"Ich rauche kein Gras"

Eigentlich war Kirsten Dunst nur als Zeugin in dem Prozess gegen einen Dieb geladen - doch der Hollywood-Star hatte plötzlich selbst Erklärungsbedarf: Dunst musste sich öffentlich gegen die Vorwürfe wehren, sie rauche Marihuana ...

Wenn ein Promi vor Gericht erscheint, dann sorgt das immer für einen ordentlichen Medienrummel – selbst dann, wenn der betreffende Star gar nicht auf der Anklagebank sitzt. Bei Kirsten Dunst (oben beim Verlassen des Gerichtsgebäudes, Anm.) war das nun der Fall, doch bekamen die Journalisten diesmal mehr geboten, als sie wohl erwartet hatten, denn auf einmal war die 28-Jährige selbst im Kreuzfeuer.

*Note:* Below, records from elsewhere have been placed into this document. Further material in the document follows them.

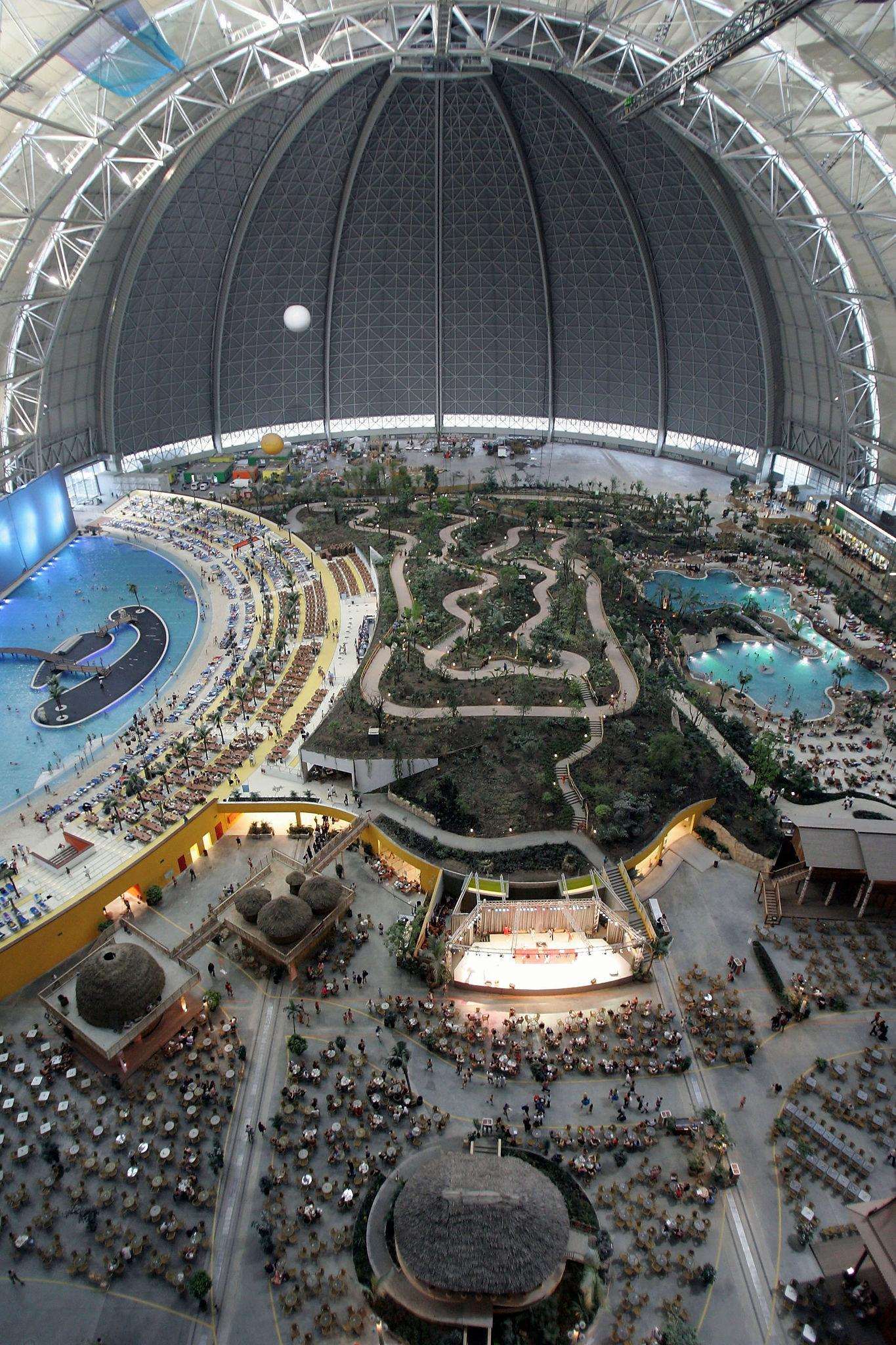 По банкротот на компанијата во 2002 година, овој монументален простор добива нов живот и во 2004 година се трансформира во тропски туристички комплекс. Куполата, позната како „Aerium“, денес важи за една од најголемите самостојни хали во светот и еден од најимпресивните објекти по внатрешен волумен.
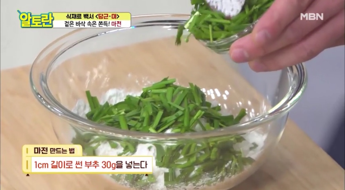 3. 1cm 길이로 썬 부추 30g을 넣는다.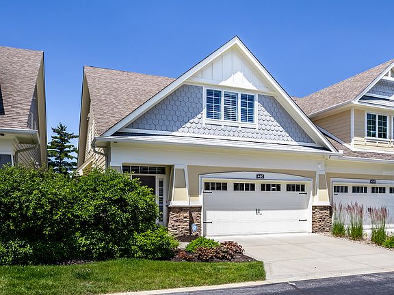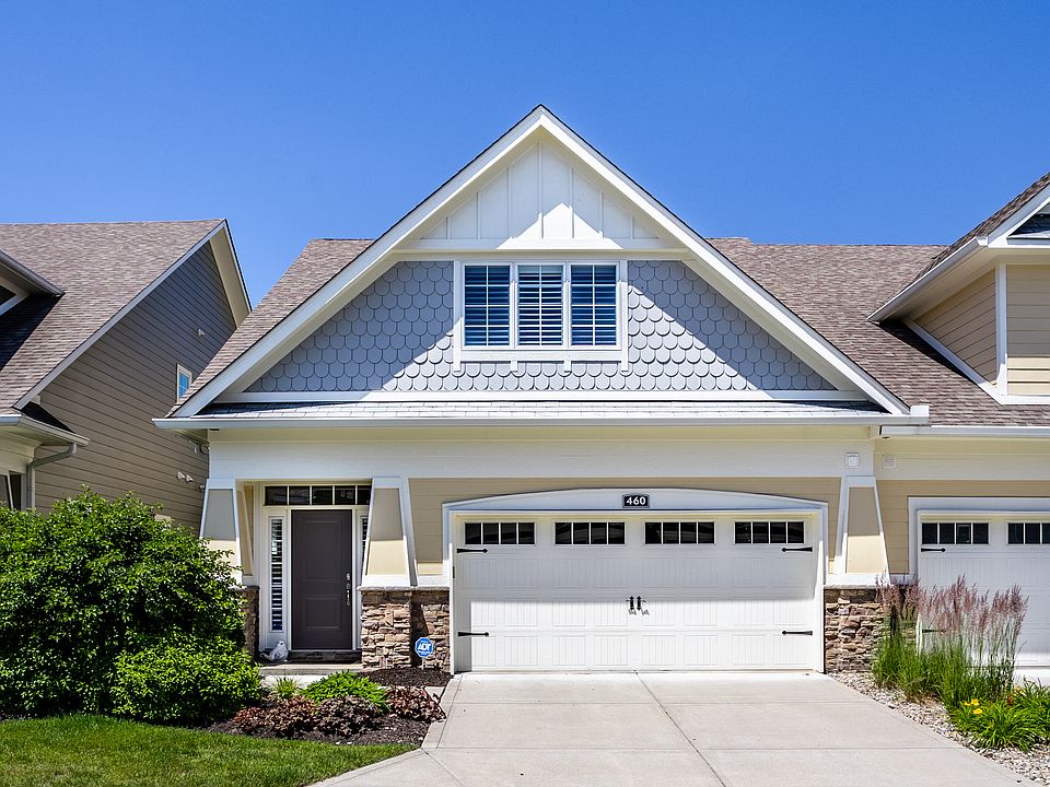 This charming condo, nestled in the highly sought-after Cottages of Carmel, captures the essence of Craftsman-style architecture in a low-maintenance community. With its quaint ambiance, this residence is ideally located just minutes from Carmel's vibrant attractions, including the Arts & Design District, the Monon Trail, a plethora of restaurants, unique shops and galleries, the Palladium, and the bustling Carmel Farmers Market. Whether you prefer walking or biking, everything is within easy reach. Built in 2017, this condo offers a spacious and well-designed layout with the primary bedroom and ensuite conveniently located on the main level, providing easy access and privacy. Upstairs, you'll find two additional bedrooms, each with its own private bath, as well as a den that is open to the main level, creating a seamless flow throughout the home. The dining area features a custom space-saving window seat, perfect for cozy meals and additional seating. The kitchen boasts elegant cabinets with crown molding, granite countertops, and a Blanco farm sink, combining functionality with style. The living area is enhanced by custom built-in bookcases that frame the gas fireplace, adding both storage and charm. Throughout the condo, custom shutters provide a polished and cohesive look. The main level also houses a generously sized laundry room, offering convenience and ample space for all your laundry needs. This thoughtfully designed condo ensures both comfort and style, making it an ideal home in the desirable Cottages of Carmel community. Experience the best of Carmel living in this delightful and meticulously maintained condo community.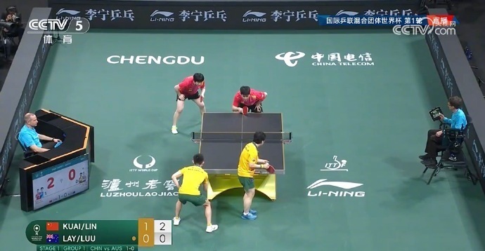 首场混双,林诗栋/蒯曼直落三局,11-5、11-3、11-5战胜澳大利亚组合卢伟/洪剑芳。中国队大比分3-0,赢得先机。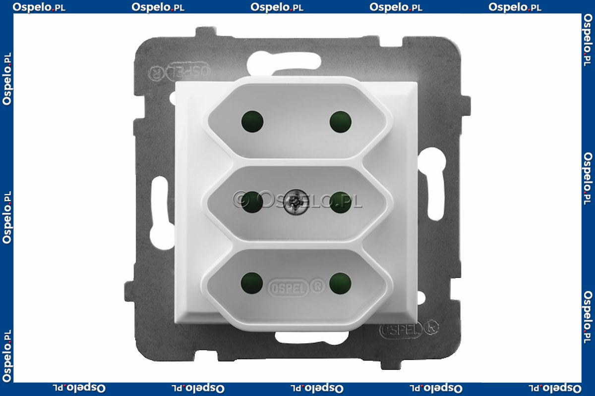 GP-3UP/m/00 Gniazdo potrójne na płaskie wtyczki z przesłonami torów prądowych 2,5A (Zaciski śrubowe) Biały Ospel Aria - Widok z przodu

Auf der Anklagebank des New Yorker Gerichts saßen eigentlich eine zwielichtige Gestalt namens James Jimenez, der gemeinsam mit einem gewissen Jarrod Beinerman beschuldigt wird, im August 2007 in die Hotel-Suite von Kirsten Dunst eingebrochen zu sein und die Handtasche der Schauspielerin gestohlen zu haben. Beinerman, ein verurteilter Dorgendealer, hatte sich bereits in einer früheren Verhandlung schuldig bekannt; Jimenez bestritt den Einbruch jedoch und gab an, er und sein Komplize seien in die Suite eingeladen worden, da Dunst Marihuana kaufen wollte.

Schöne eingerauchte Welt?

Und so kam es, dass Kirsten Dunst zu ihrem vermeintlichen Drogenkonsum im Zeugenstand befragt wurde. Auf die Frage, ob sie Gras rauche, antwortete sie knapp: “Das tue ich nicht.” Allerdings gab sie an, zu wissen, dass ihre damalige persönliche Assistentin Marihuana konsumierte. Der Anwalt des Angeklagten wollte zudem wissen, ob Dunst einst tatsächlich die Aussage getätigt habe, die Welt wäre besser, wenn “jeder sich einrauchen würde”. Der Richter ließ die Frage aber nicht zu – Dunst musste nicht antworten.

Damit war der Auftritt des Hollywood-Stars im Gericht auch schon vorbei. Im Gegensatz zu ersten Verhandlung gegen Jimenez im September des Vorjahres, bei der die Geschworenen zu keinem Urteil gekommen waren, blieb Kirsten Dunst diesmal ernst. Damals hatte die Schauspielerin nämlich für Verwunderung gesorgt, als sie zuerst den Richter mit einem flappsigen “Hi, wie geht’s?” begrüßte und dann kichernd und fahrig ihre Aussage machte. Kein Wunder, dass damals sofort gemunkelt wurde, Dunst sei betrunken oder/und Drogen gewesen; 2008 hatte die damals 26-Jährige freiwillig in einer Reha-Klinik eingecheckt, die sie jedoch offiziell als Therapie gegen ihre Depressionen aufsuchte.